**Exercise requirements:**
Repeat the data exactly. Pictures stay out.

**Data segment:**
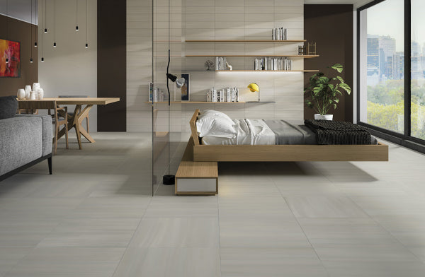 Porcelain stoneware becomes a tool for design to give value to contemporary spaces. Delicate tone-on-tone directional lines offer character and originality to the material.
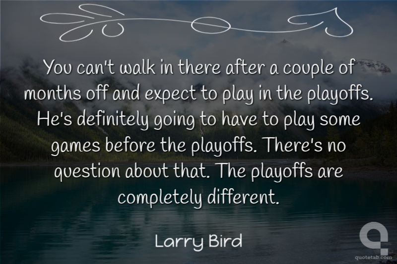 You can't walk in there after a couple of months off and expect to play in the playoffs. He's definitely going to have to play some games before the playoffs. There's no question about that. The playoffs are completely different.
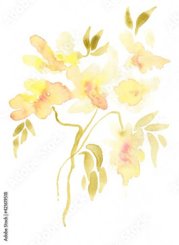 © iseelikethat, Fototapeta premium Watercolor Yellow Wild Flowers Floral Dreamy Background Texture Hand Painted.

**Solution to the exercise:**
 Porcelain stoneware becomes a tool for design to give value to contemporary spaces. Delicate tone-on-tone directional lines offer character and originality to the material.
 You can't walk in there after a couple of months off and expect to play in the playoffs. He's definitely going to have to play some games before the playoffs. There's no question about that. The playoffs are completely different.
 © iseelikethat, Fototapeta premium Watercolor Yellow Wild Flowers Floral Dreamy Background Texture Hand Painted.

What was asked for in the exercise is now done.